13 Şubat 2020 Perşembe

23-Şubat.2020-Günün Yazısı-Osmanlar - Berna Doğan

Osmanlar - Berna Doğan

Biteviye karanlık. Köpekler uluyordu. Durmadan uluyordu. “Allahüekber” dedi müezzin. Allahüekber dağlarından bir askerin izdüşümüydü gözlerimdeki. Donmuş bir asker. Donuk elleri ve gözleriyle bakıyordı bana. Şaşkın baktım. Bakıştık.

“Tanımadın mı beni?” dedi.

“Tanımadım…” dedim.

“Ben…” dedi. “Ben kardeşin Osman…”

“Osman…?” dedim. “Ama sen hiç asker olmadın ki!”



Sayrılıydın hep ve saralı. Kafandaki kocaman yara yüzünden her şey. Büyümedin ki sen hiç a Osman, nasıl askere gidecektin. Gitseydin o büyümeyen boyunla ve ellerinle. Gitseydin askere kafandaki –ve yüreğindeki- o kocaman yarayla. Silah tutsaydın bu yaylalarda.  Yeşilin yeşil, akın ak olduğu bu yerlerde atlar kadar özgür düşleseydin kendini. Kar tanelerinin sevişmesini izleseydin tüfek omzunda ve yavuklunun düş sıcaklığıyla ısınsaydı için. Bir tas sıcak çorbanın özlemini çekerken ananın değerini daha bir anlasaydın. Bir karış toprak için neler olduğunu, işte, şu gece kurtların uluduğu, ulumaların her saniye biraz daha yaklaştığı gece nöbetinde anlasaydın. Ölümün yaşam kadar sıcak olduğunu ve ölmenin şu koskocaman gök altında çok da önemsiz ve kolay olduğunu öğrenseydin. Özleseydin ve özlenseydin. Acıyı, hakareti, utanmazlığı ya da utangaçlığı, babanın pezevenk, ananın orospu ve aslında senin bir piç olduğunu öğrendiğin gün tiksintiyi duymayı, çaresizliği, çekip gitmenin sandığın kadar kolay olmadığını belleseydin. Belleseydin gavurun, yezidin, kokuşmuşluğun,  alçaklığın, ikiyüzlülüğün anasını. Ya da eksi otuzbeş derecede buz tutsaydı yeni terlemiş bıyıkların. Gözlerinin yeşili donsaydı ve anan Osmanımmmm diye ağıt yaksaydı ardından. Hep özlemini çektiğin bir yavuklu bekleseydi seni gözleri yollarda. Her askeri sen sansaydı ve gergefin üzerindeki mendilin üzerine “O” işleseydi. Bir bayrak özgürlüğünde dönseydin ananın kucağına ve sevdiğinin kollarına.

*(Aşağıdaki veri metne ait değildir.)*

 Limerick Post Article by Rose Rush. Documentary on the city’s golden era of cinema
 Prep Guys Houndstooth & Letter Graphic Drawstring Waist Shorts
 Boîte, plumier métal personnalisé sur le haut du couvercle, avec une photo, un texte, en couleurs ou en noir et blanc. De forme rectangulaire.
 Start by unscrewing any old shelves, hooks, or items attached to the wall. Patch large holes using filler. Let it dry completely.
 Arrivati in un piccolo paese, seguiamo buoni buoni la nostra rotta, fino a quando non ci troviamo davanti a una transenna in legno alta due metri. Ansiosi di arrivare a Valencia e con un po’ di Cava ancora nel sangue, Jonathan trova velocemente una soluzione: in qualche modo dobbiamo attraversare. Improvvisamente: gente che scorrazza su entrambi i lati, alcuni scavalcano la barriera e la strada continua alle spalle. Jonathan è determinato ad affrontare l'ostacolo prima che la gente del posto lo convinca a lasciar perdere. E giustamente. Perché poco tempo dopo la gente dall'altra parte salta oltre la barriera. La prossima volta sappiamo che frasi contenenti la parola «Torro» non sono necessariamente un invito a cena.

“Sen asker, gözlerimden çekil. Sen Osman değilsin!” dedim.

“Yapma be bacım be…” dedi.

“Ben senin kardeşinim.” dedi.

“ Osman’ım, ben de Osman’ım… Bak benim de ellerim küçük, yüreğimde yara. Gözlerim yeşil. Benim de yavuklum gergefteki mendile “O” işler ve anam ardımdan ağıt yakar. Ben Osman’ım bacım, Osman!”

“Değilsin be kardaş, değilsin! Dondu Osmanlar, Memetler, Aliler, Reşatlar, Hafızlar, Kadirler, Hasanlar, Veliler dondu. Dondu Allahüekber’de nice yiğitler. Dul kaldı nice Aşeler, Fatmalar, Kumrular, Güvercinler, Mayalar, Fındıklar, Zehralar… Yetim kaldı bebeler, bebeler, bebeler… Bir karabasan gibi çökme üzerime. Git, git başımdan…” dedim.

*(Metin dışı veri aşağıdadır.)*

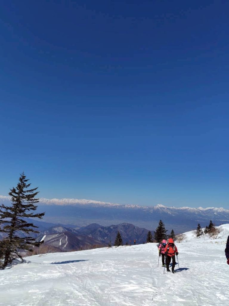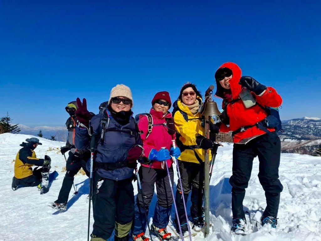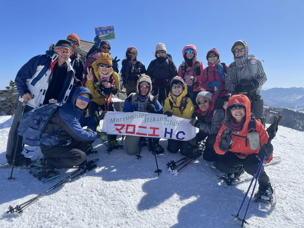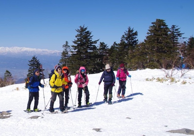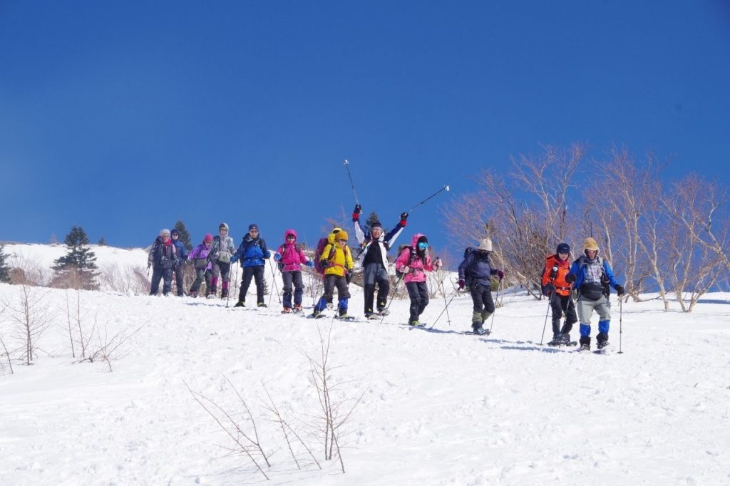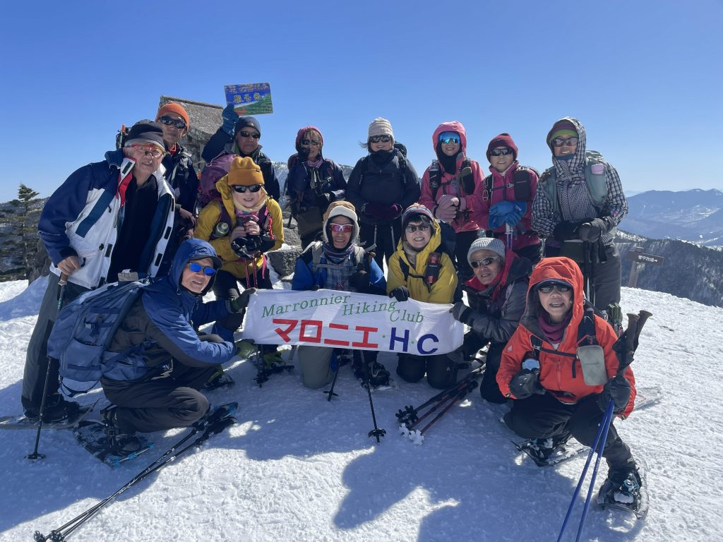 登るにつれ、徐々に傾斜が強くなってきました。スノーシューを引きずる足にも疲労が蓄積されてきました。後ろを振返り北アルプスの展望に背中を押されること数回!皆で元気づけ十数回!!強い仲間意識を感じながら全員登頂する事が出来ました。みんな頑張りました。雲一つない濃い青空が私たちを歓迎しています。みんなの笑顔で一杯です!!!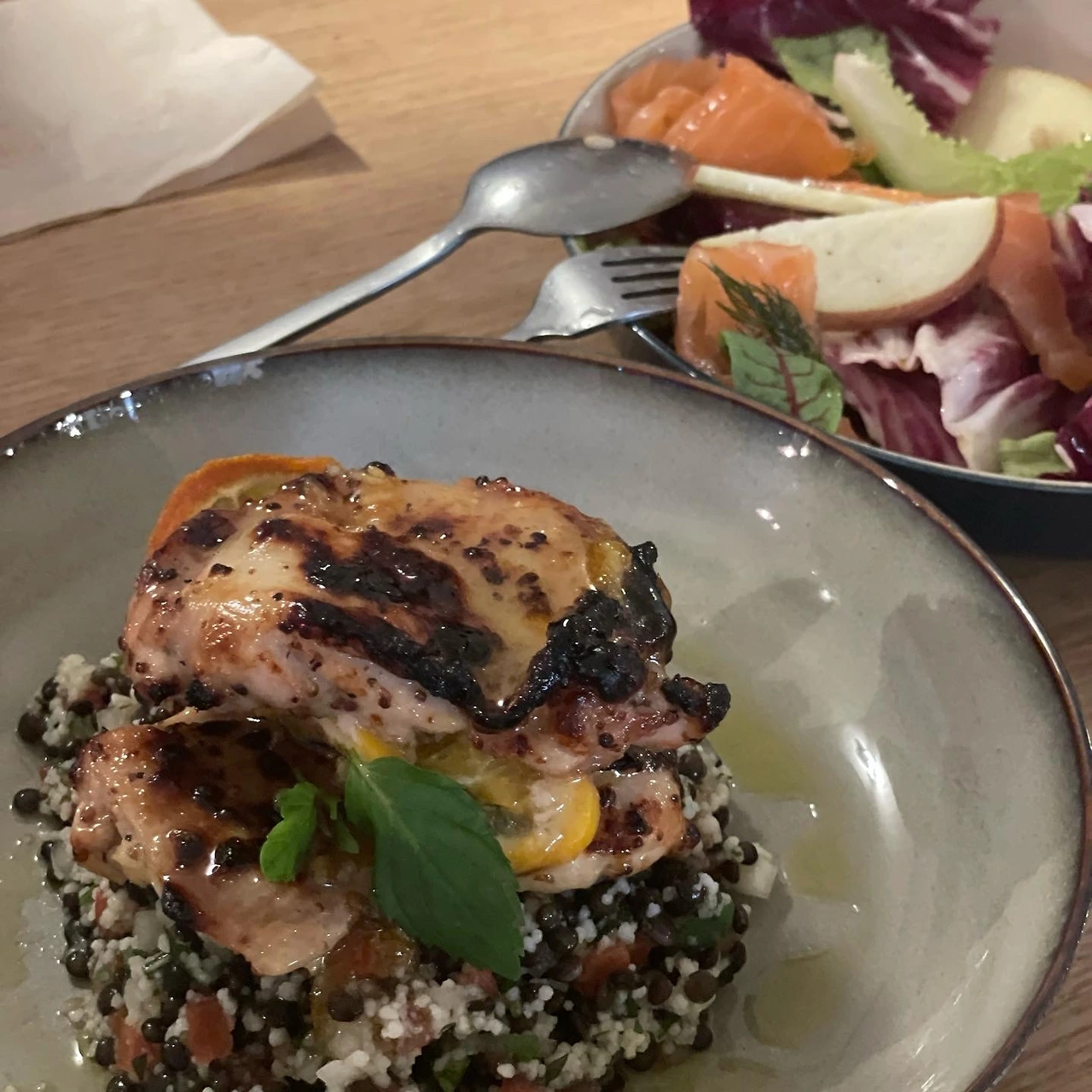 초고해상도의 다정함을 지녔다는 K가 소개해준 L님은 툭툭 이런 명언을 던졌다. 마치 연예인 보는 느낌인데 영화 전우치, 어슐러 르귄부터 화산귀환까지 이렇게 잘 통하다니. 게임에 대한 고정관념을 흔드는 얘기 등 유쾌한 수다에 시간가는줄 몰랐다. 7전8기 버텨내 홈런 친 사연은 그야말로 드라마. 게다가 글 컴플렉스 인간에게 글 칭찬은 러블리 콩깍지를 더한다. 비건 프렌들리 신사동 #퓌어알레 시금치 페스토를 이용한 뇨끼와 연어 사과 샐러드, 두부 크럼블을 이용한 토스타다, 오렌지 치킨과 구운 구황작물까지 역시 흡족한 맛집이다.

“Gitmem…” dedi. “Gözlerin donmuş gözlerime bakarak eritecek tüm buzunu, bunu beklerim.” dedi.

Gözlerine baktım. Donmuş yeşil gözleri ışıdı. Gözlerimdeki yaş dondu. Hava çok soğuktu. Biteviye karanlık. Köpekler uluyordu. Durmadan uluyordu.